Your task is to work out how many lines in the data that follows hold "sobre" and to state that number alone.

· · · ·

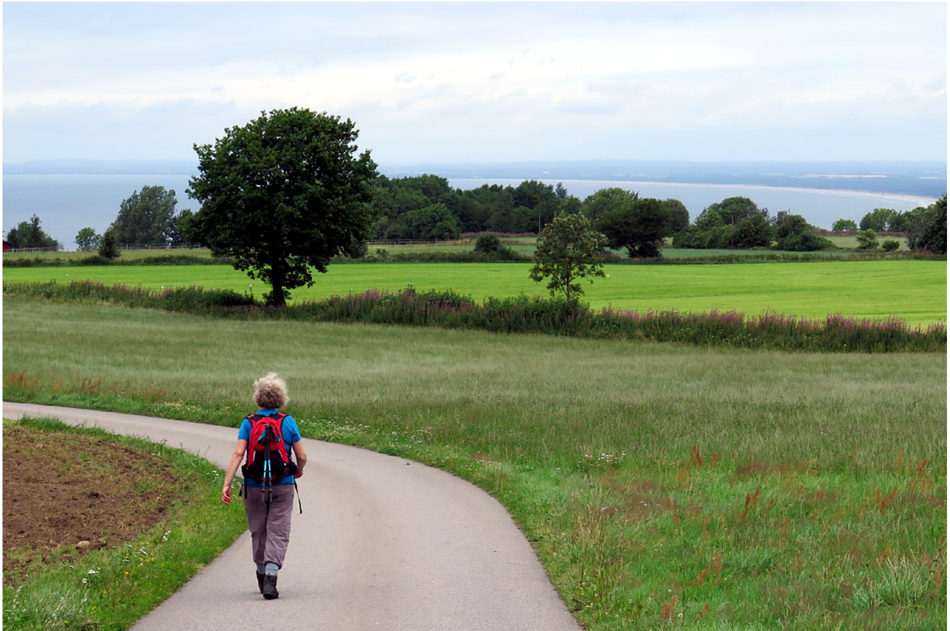
Sedan man passerat Lya sydost om Båstad har man fin utsikt ner mot Laholmsbukten.
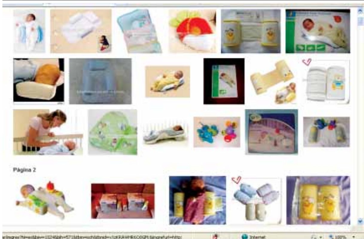
FIGURA 1. Captura de pantalla sobre búsqueda de imágenes: "posicionador para dormir bebé"

En 2008 se efectuó en EE.UU. un estudio sobre 20 revistas dirigidas al público femenino de entre 20 y 40 años de edad, con más de 5 millones de lectores, y una tirada superior a los 900 000 ejemplares, y 8 revistas dirigidas a futuros padres o padres de niños pequeños. Se analizaron 122 imágenes con niños durmiendo y 99 imágenes del medio ambiente donde duerme el niño, en relación a posición, colecho, objetos en la cuna
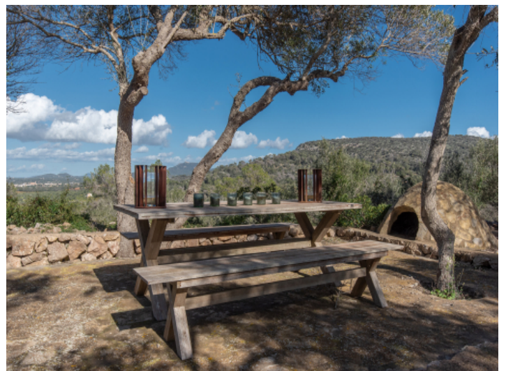
Aussichtspunkt mit Holzbank
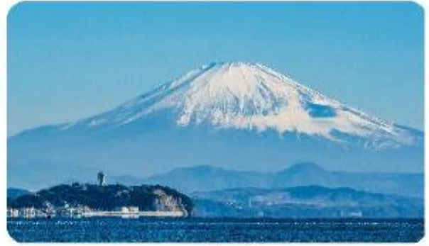
เกาะเอโนะชิมะ

เมืองคามาคุระ (Kamakura) เมืองน่ารักติดทะเล ตบโจทย์ที่เที่ยวที่ผสมผสานระหว่างประวัติศาสตร์ ธรรมชาติ และความงามของทะเล บอกเลยใครมาต้องตกหลุมรักกับเมืองสุดชิล อย่าง คามาคุระ เมืองเล็ก ๆ ที่ตั้งอยู่ทางตอนใต้ของจังหวัดคานากาวะ ห่างจากโตเกียวเพียงแค่ 1 ชั่วโมง เท่านั้น แต่เต็มไปด้วยสถานที่ท่องเที่ยว ทิวทัศน์ธรรมชาติ และชายหาดที่งดงาม ที่นี่จะทำให้ทุกคนรู้สึกเหมือนได้ย้อนกลับไปสัมผัสประวัติศาสตร์ญี่ปุ่นในยุคซามูไร พร้อมทั้งได้ผ่อนคลายท่ามกลางบรรยากาศที่เงียบสงบและสดชื่น จุดเด่นแห่งเมืองนี้คือ พระพุทธรูปองค์ใหญ่ไดบุทสึ (Daibutsu) หนึ่งในสัญลักษณ์ที่โดดเด่นที่สุดของ

· · · ·

Answer space: 2